REQUIRED ACTION
Look through the records below for the line with "Kostim krave ima" and the line with "お子さまの心を掴む、エレガン", then return those lines and all lines between, exactly.

SUPPLIED DATA

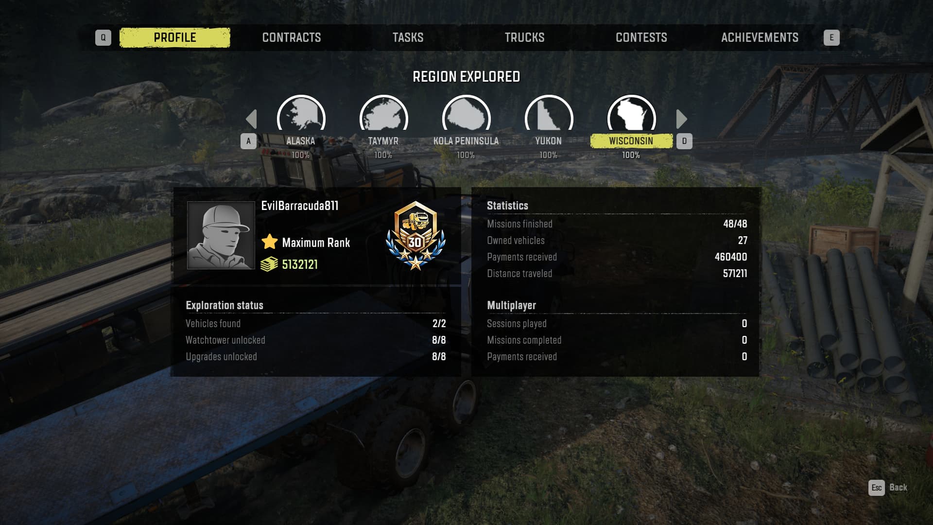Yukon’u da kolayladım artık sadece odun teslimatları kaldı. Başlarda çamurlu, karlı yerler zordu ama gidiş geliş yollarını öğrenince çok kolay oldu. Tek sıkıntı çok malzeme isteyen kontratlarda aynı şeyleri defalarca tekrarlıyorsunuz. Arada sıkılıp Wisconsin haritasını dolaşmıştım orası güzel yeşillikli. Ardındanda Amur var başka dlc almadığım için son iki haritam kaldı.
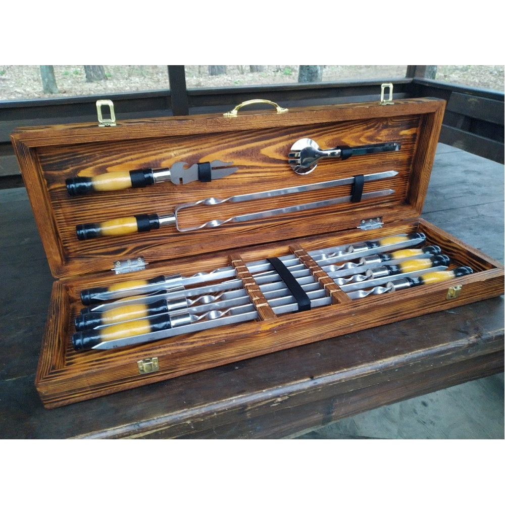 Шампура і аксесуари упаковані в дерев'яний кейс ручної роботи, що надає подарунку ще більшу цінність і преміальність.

---

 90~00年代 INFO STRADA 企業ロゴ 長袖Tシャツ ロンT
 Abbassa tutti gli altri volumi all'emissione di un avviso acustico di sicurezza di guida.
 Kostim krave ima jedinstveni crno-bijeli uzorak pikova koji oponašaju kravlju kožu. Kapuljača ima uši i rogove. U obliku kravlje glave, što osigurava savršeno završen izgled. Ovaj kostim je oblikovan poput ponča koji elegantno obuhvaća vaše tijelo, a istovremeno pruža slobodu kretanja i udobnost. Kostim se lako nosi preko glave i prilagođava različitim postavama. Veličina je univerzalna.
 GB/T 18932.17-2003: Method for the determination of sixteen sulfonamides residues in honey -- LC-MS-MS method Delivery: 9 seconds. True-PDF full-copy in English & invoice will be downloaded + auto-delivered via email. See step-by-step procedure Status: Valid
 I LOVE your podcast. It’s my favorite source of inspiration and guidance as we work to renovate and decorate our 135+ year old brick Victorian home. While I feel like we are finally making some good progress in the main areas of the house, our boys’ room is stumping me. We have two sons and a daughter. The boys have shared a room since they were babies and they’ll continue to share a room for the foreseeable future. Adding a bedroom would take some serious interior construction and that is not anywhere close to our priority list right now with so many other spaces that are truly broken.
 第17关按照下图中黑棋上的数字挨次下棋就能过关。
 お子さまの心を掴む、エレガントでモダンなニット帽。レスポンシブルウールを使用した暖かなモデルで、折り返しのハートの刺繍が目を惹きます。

...

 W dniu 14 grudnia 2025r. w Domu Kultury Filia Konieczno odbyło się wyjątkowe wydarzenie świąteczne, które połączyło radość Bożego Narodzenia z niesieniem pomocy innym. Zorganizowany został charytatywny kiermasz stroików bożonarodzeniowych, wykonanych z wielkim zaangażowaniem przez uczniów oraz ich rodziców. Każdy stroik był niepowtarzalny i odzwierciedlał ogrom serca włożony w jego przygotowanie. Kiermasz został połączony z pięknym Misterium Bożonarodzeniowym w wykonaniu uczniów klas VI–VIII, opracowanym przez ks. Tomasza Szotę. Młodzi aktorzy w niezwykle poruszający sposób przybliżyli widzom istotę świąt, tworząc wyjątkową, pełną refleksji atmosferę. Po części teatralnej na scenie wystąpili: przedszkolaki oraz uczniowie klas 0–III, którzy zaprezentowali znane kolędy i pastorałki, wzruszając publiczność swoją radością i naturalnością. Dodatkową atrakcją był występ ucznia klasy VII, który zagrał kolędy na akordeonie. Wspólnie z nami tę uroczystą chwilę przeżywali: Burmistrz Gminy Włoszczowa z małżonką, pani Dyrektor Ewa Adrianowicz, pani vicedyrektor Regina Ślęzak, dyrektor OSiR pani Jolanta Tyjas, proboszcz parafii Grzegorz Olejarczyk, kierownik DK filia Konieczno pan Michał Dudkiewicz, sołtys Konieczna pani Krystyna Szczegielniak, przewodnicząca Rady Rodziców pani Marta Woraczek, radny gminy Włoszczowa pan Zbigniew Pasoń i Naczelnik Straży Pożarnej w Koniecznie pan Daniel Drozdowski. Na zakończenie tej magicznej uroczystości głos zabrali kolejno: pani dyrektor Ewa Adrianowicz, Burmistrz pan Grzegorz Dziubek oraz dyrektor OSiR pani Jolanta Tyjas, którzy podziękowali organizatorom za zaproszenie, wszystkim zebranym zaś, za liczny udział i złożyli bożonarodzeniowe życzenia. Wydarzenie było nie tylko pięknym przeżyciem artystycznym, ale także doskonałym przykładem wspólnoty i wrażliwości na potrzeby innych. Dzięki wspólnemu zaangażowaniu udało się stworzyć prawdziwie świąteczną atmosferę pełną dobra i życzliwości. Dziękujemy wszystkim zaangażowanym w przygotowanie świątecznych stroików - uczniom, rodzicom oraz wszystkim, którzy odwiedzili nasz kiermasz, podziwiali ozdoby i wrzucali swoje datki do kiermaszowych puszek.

TASK RESPONSE
 Kostim krave ima jedinstveni crno-bijeli uzorak pikova koji oponašaju kravlju kožu. Kapuljača ima uši i rogove. U obliku kravlje glave, što osigurava savršeno završen izgled. Ovaj kostim je oblikovan poput ponča koji elegantno obuhvaća vaše tijelo, a istovremeno pruža slobodu kretanja i udobnost. Kostim se lako nosi preko glave i prilagođava različitim postavama. Veličina je univerzalna.
 GB/T 18932.17-2003: Method for the determination of sixteen sulfonamides residues in honey -- LC-MS-MS method Delivery: 9 seconds. True-PDF full-copy in English & invoice will be downloaded + auto-delivered via email. See step-by-step procedure Status: Valid
 I LOVE your podcast. It’s my favorite source of inspiration and guidance as we work to renovate and decorate our 135+ year old brick Victorian home. While I feel like we are finally making some good progress in the main areas of the house, our boys’ room is stumping me. We have two sons and a daughter. The boys have shared a room since they were babies and they’ll continue to share a room for the foreseeable future. Adding a bedroom would take some serious interior construction and that is not anywhere close to our priority list right now with so many other spaces that are truly broken.
 第17关按照下图中黑棋上的数字挨次下棋就能过关。
 お子さまの心を掴む、エレガントでモダンなニット帽。レスポンシブルウールを使用した暖かなモデルで、折り返しのハートの刺繍が目を惹きます。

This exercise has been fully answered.